Concepts#

Data#

Reference_df

Testing LLMs involves preparing the following data for your use case:

Inputs to the LLM. Depending on the task at hand, these inputs are likely formatted to follow a prompt template.
Reference Outputs: these are your baseline outputs, which are optional in Arthur Bench but recommended to get a comprehensive understanding of your model’s performance relative to its expected outputs. These reference outputs would likely be either ground truth responses to the inputs, or could be outputs from a baseline LLM that you are evaluating against.
Candidate Outputs: these are the outputs from your candidate LLM that you are scoring.
Context: contextual information used to produce the candidate output, e.g. for retrieval-augmented Question & Answering tasks.

As an example, consider the task of Question & Answering about specific documents:

Input: “What war was referred to in the Gettysburg Address?”
Reference Output: American Civil War
Candidate Output: The war referenced in the Gettysburg Address is the American Civil War
Context: (Wikipedia) “The Gettysburg Address is a speech that U.S. President Abraham Lincoln delivered during the American Civil War at the dedication of the Soldiers’ National Cemetery, now known as Gettysburg National Cemetery, in Gettysburg, Pennsylvania on the afternoon of November 19, 1863, four and a half months after the Union armies defeated Confederate forces in the Battle of Gettysburg, the Civil War’s deadliest battle.”

Testing#

test_suites_runs

Test Suites#

A Test Suite stores the input & reference output data for your testing use case along with a scorer.

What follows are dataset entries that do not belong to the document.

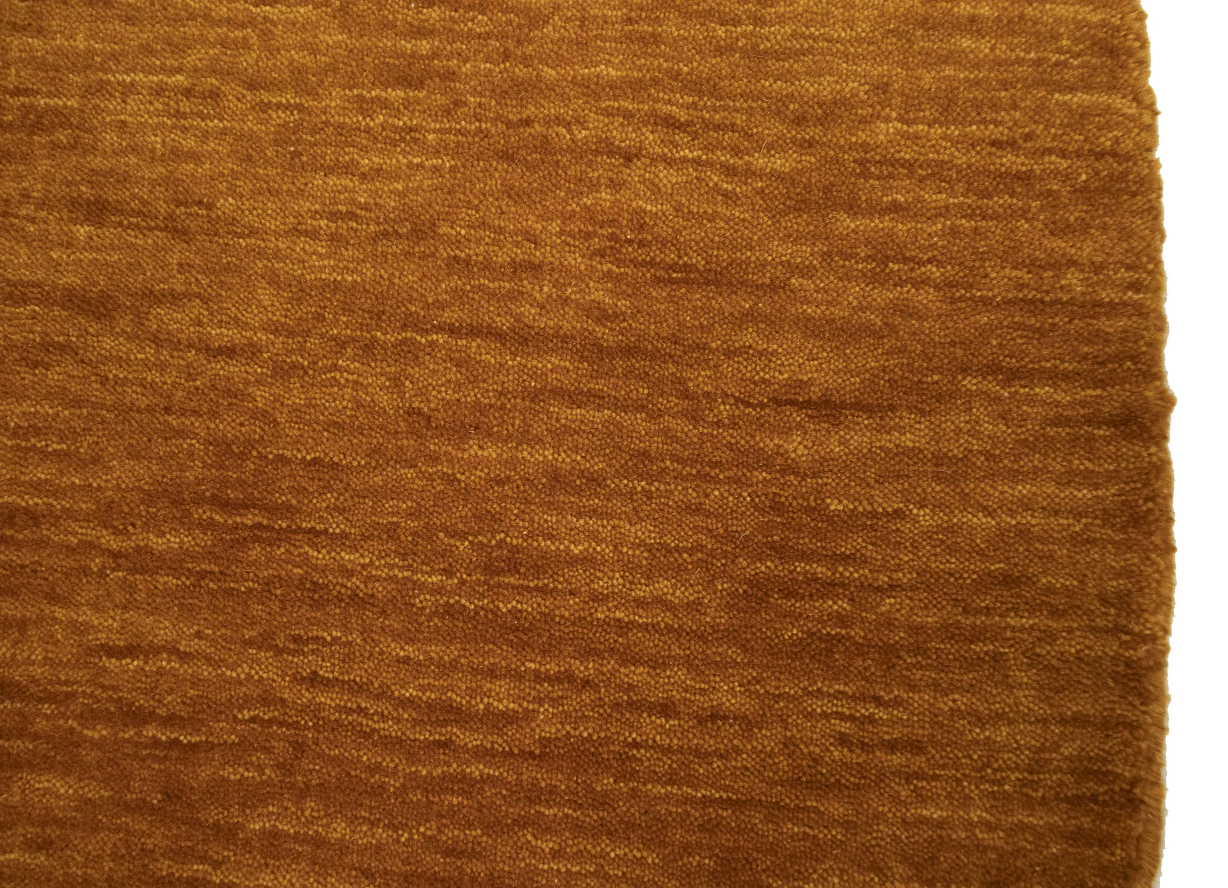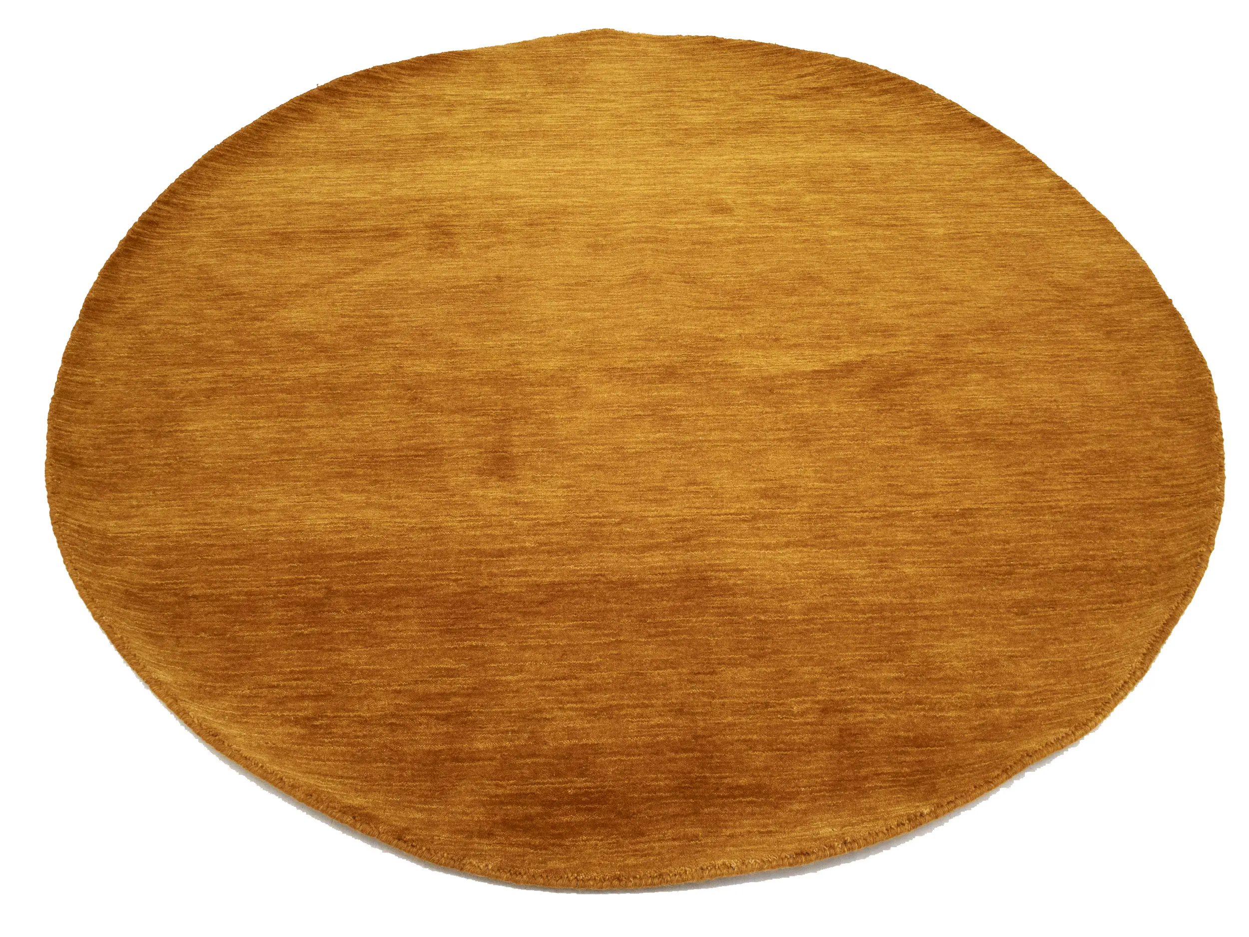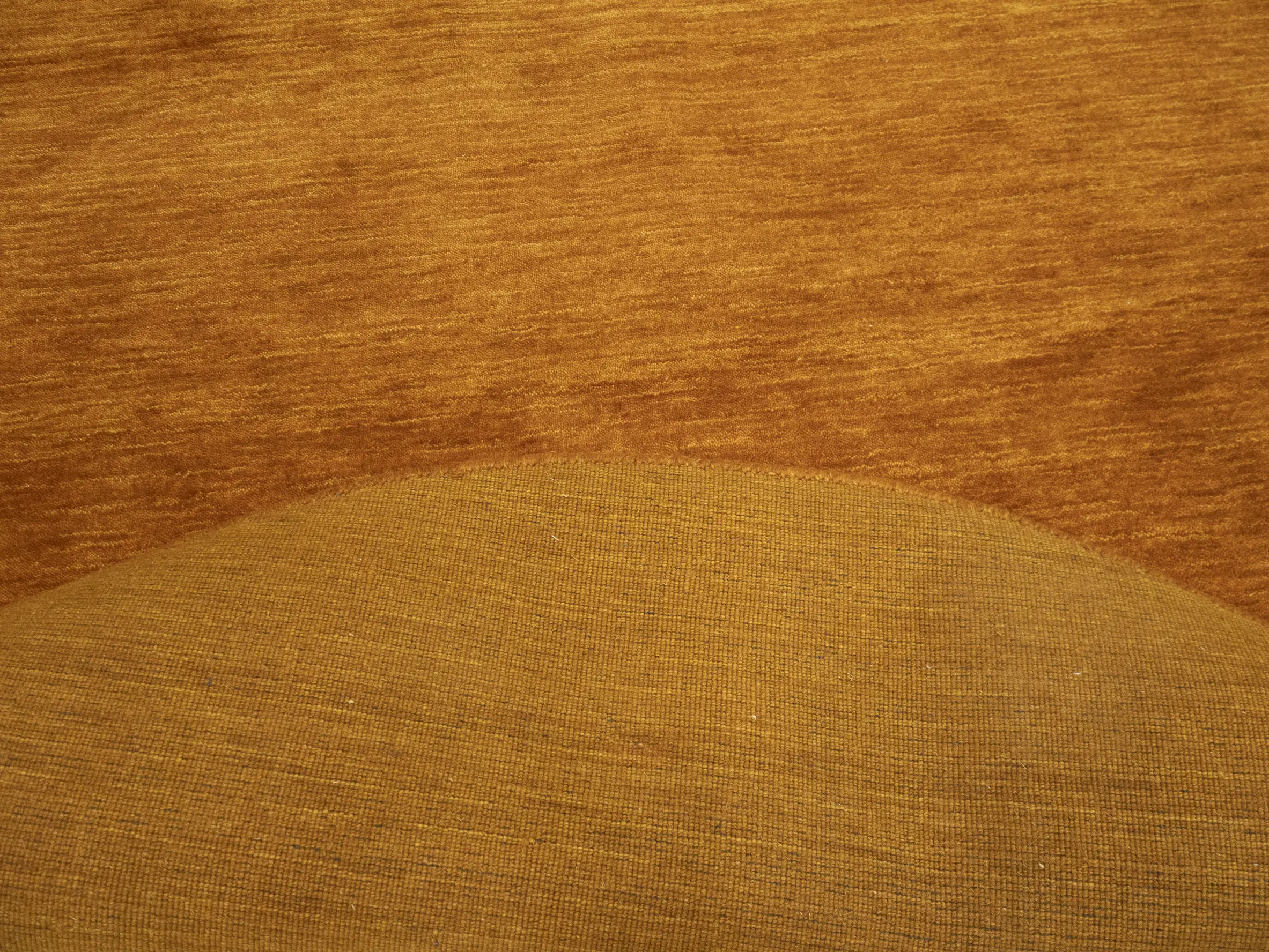This hand-loomed 6X6 Orange Oriental Round rug from India features a modern, Solid design that seamlessly integrates traditional craftsmanship with contemporary style, showcasing a striking Orange primary color. It provides a luxuriant softness and durability underfoot, as it is constructed from premium wool with a cotton foundation. The rug is optimized for high-traffic areas due to its medium pile height and knot density of 100 knots per square inch, which ensures durability and comfort. This rug, which is in exceptional condition and was recently manufactured, is an ideal complement to any contemporary setting, providing both versatility and timeless elegance.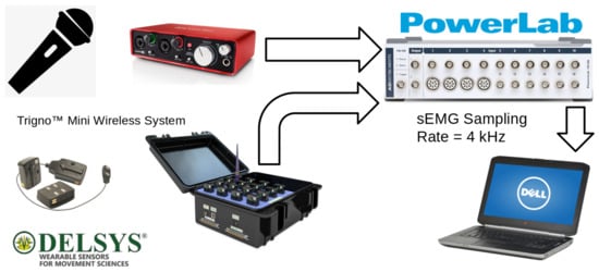 This section describes the subject characteristics, data collection protocol, and system setup used in this study, as illustrated in Figure 1. The equipment was installed in a soundproof booth (IAC Acoustics, North Aurora, IL, USA) and included: (1) a base station and four wireless Trigno™ mini sEMG sensors with a bandwidth of 20 Hz to 450 Hz (Delsys, Natick, MA, USA); (2) a head-worn microphone (AKG, Model C520, Vienna, Austria); (3) an audio interface (Scarlett 2i2, Focusrite, High Wycombe, UK); and (4) a data acquisition device (PowerLab 16/35, ADInstruments, Dunedin, New Zealand), which performed the synchronized sampling of audio and sEMG signals using LabChart v. 8.1.10 for MS Windows. The sampling rate was set to 4 kHz for the sEMG signals and 20 kHz for audio, both with 16-bit quantization. In addition, audio signals were collected using the software Audacity(R)© v. 2.1.1 for recording and editing, at a sampling rate of 44.1 kHz and 16-bit quantization. In this study, we focused on classification using only the sEMG data for vowel productions, but the audio signals were important to determine the sEMG ROI’s, as explained subsequently.
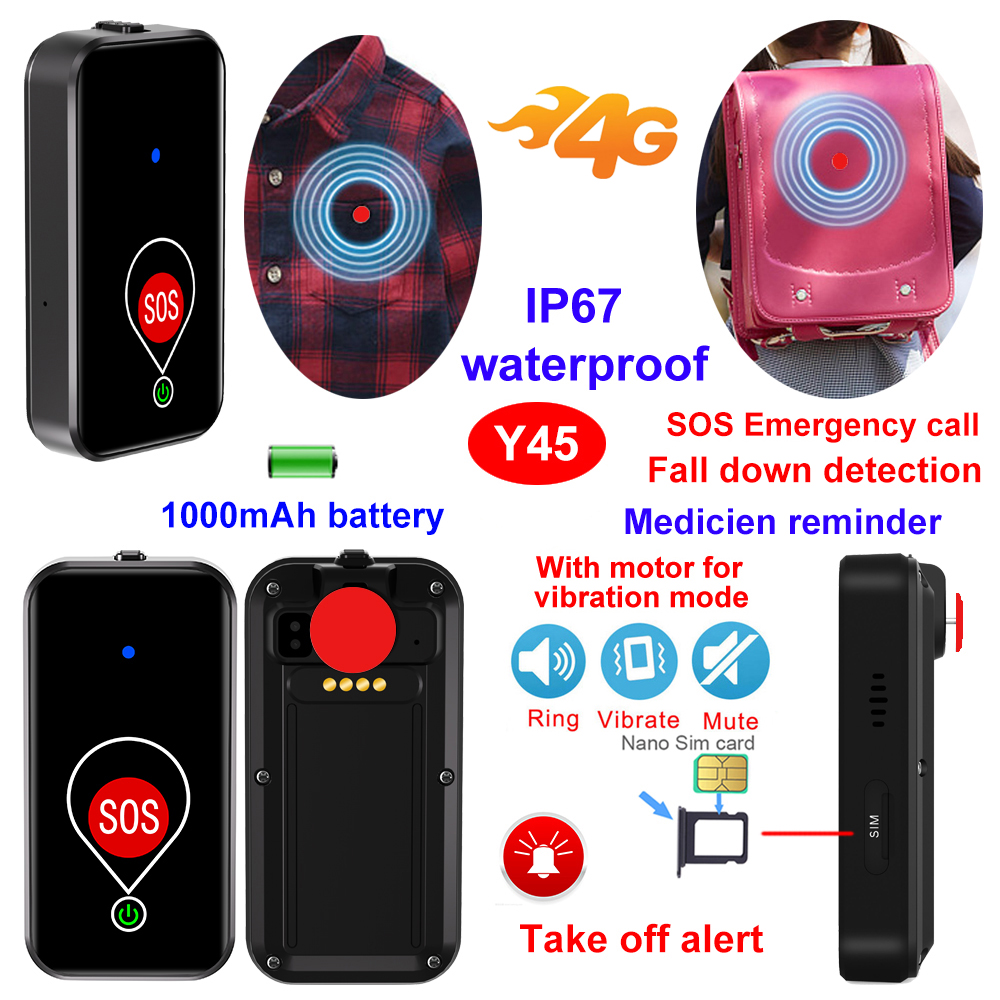4G Waterproof IP67 SOS emergency call Mini GPS gadget Tracker with take off alert, fall down detection, medicine reminder Y45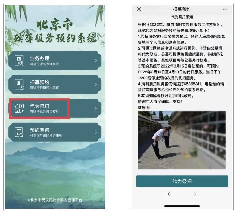 代为祭扫需要在网上提前预约,流程上与现场祭扫网上预约方法相同,均需要先关注“北京社会建设和民政”微信公众号,进入后再进行实名认证与登录,在“北京殡葬服务预约系统”首页点击“代为祭扫”按钮进行预约。
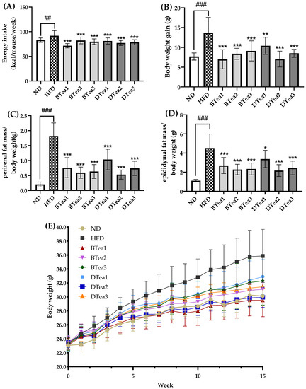 The effects of different black and dark teas on obesity. (A) Energy intake, (B) body weight gain, (C) the ratio of perirenal fat mass to body weight, (D) the ratio of epididymal fat mass to body weight, (E) and body weight throughout the 15-week intervention. The results are expressed as mean ± standard deviation. ND, the control group (normal diet group); HFD, the model group (high-fat diet group); BTea1, selenium-enriched black tea; BTea2, Dianhong tea; BTea3, Yingde Black tea; DTea1, Fu Brick Tea; DTea2, Liupao tea; DTea3, selenium-enriched dark tea. ## p < 0.01 and ### p < 0.001f for the HFD group, compared with the ND group; * p < 0.05, ** p < 0.01, *** p < 0.001, the tea extract supplementary groups compared with the HFD group.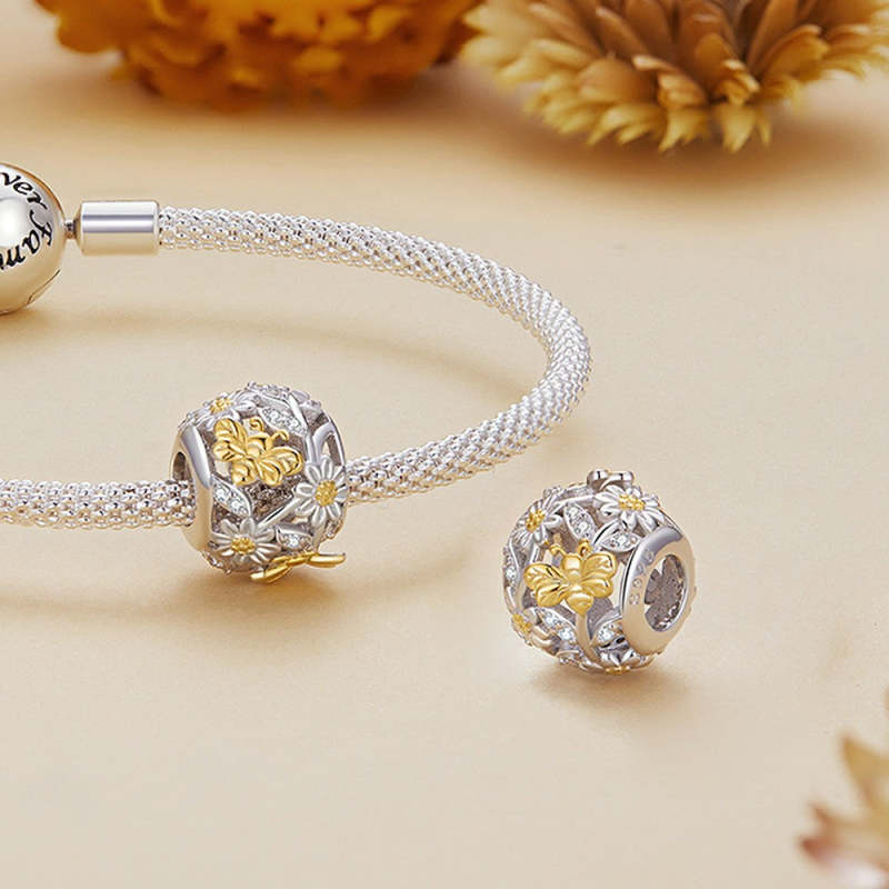 Daisy Bee Yellow Pattern Charm Silver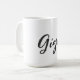 Start Gigi's day off right with a coffee or tea in this simple, personalized mug. The clean white ceramic provides the perfect backdrop for the name "GiGi," elegantly written in a dark, flowing script font. This mug is a wonderful, practical, and heartfelt gift for any occasion—Mother's Day, her birthday, Christmas, or just to remind her how special she is every time she takes a sip.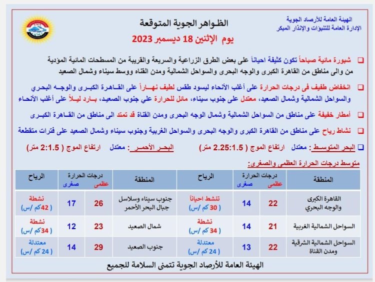 وبالنسبة لدرجات الحرارة اليوم الاثنين 18 ديسمبر
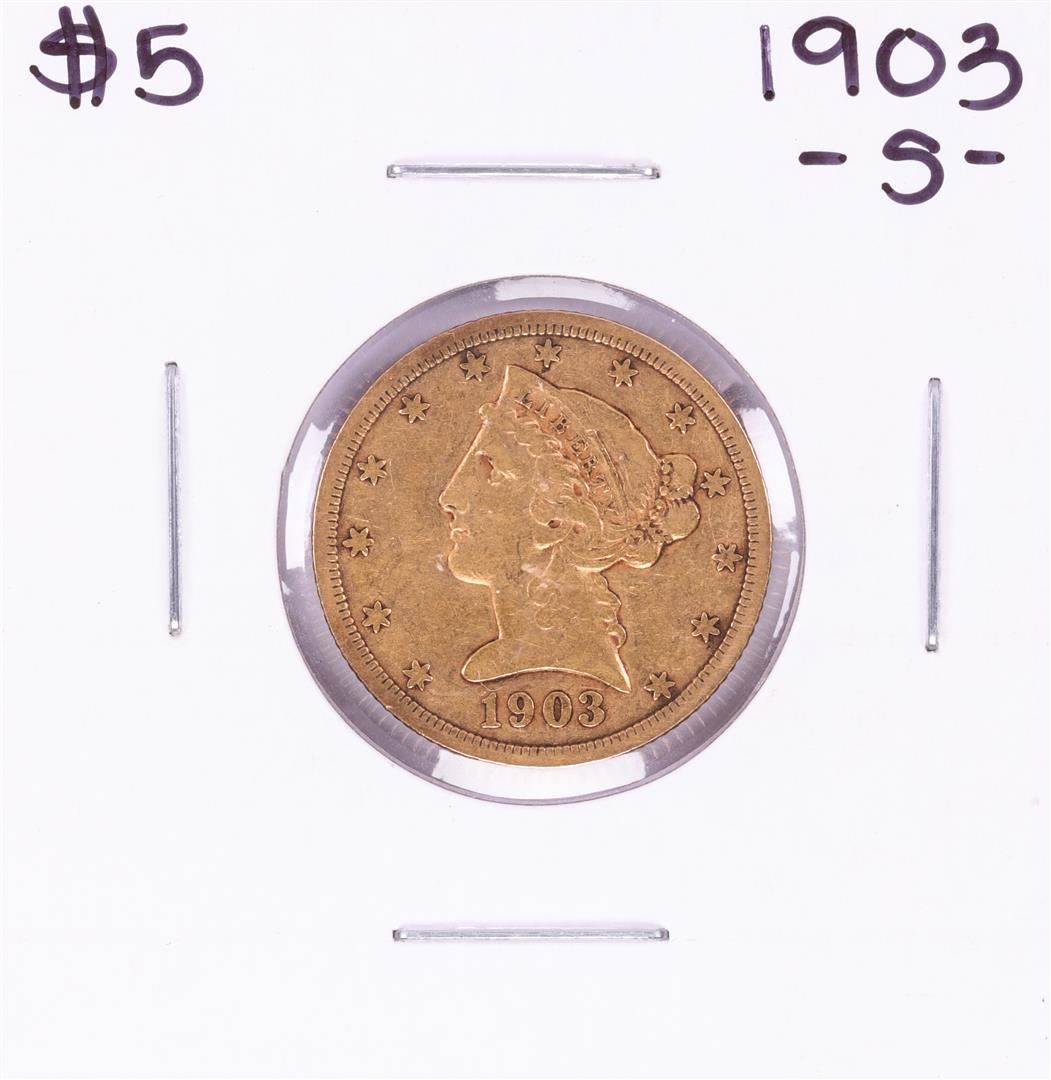 One 1903-S $5 Liberty Head Half Eagle Gold Coin.
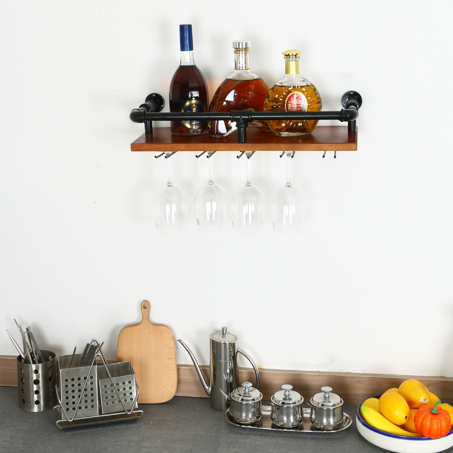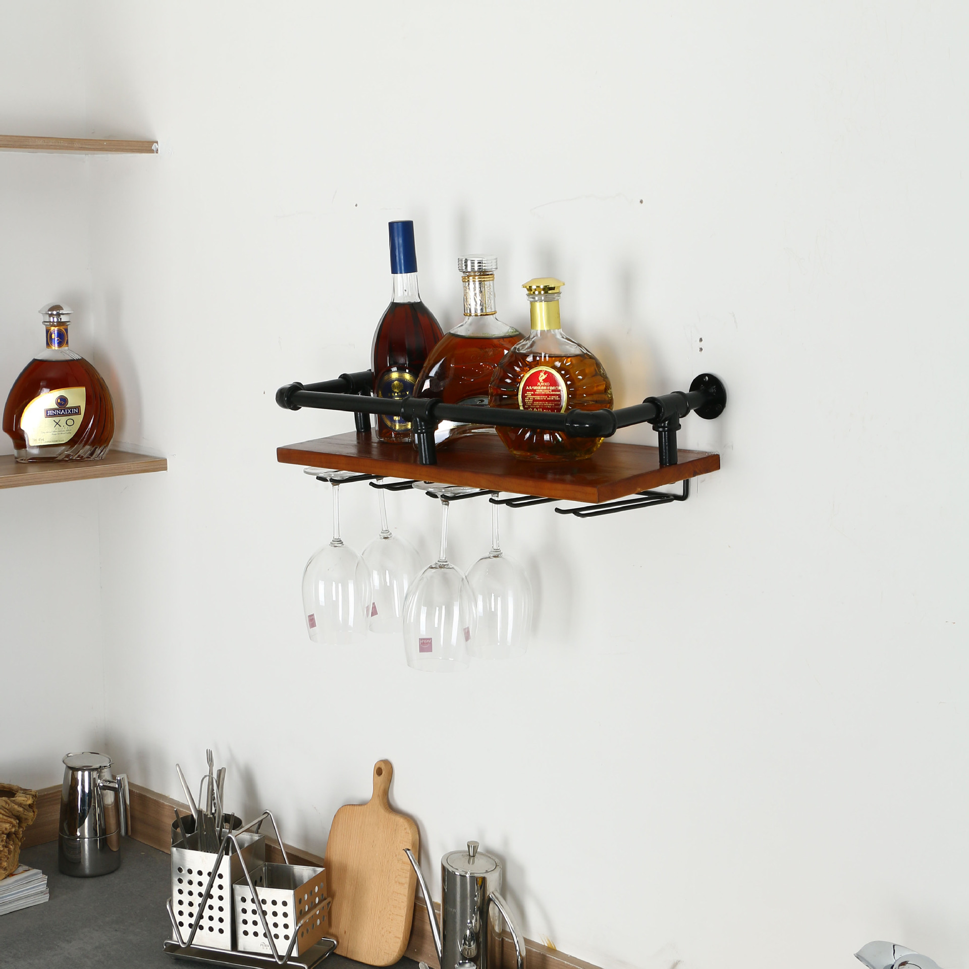 Industrial Bar Hanging Wall Mounted Wine Rack

For example, for a summarization use case, your test suite could be created with:

the documents to summarize
baseline summaries as reference outputs to evaluate against
the SummaryQuality scorer

Test suites allow you to save and reuse your evaluation datasets over time with a consistent scorer to help you understand what drives changes in performance.

To view how to create test suites from various data formats, view our creating test suites guide

Test runs#

When a test suite is run, its scorer evaluates the candidate outputs provided in the run and assigns a score to each test case.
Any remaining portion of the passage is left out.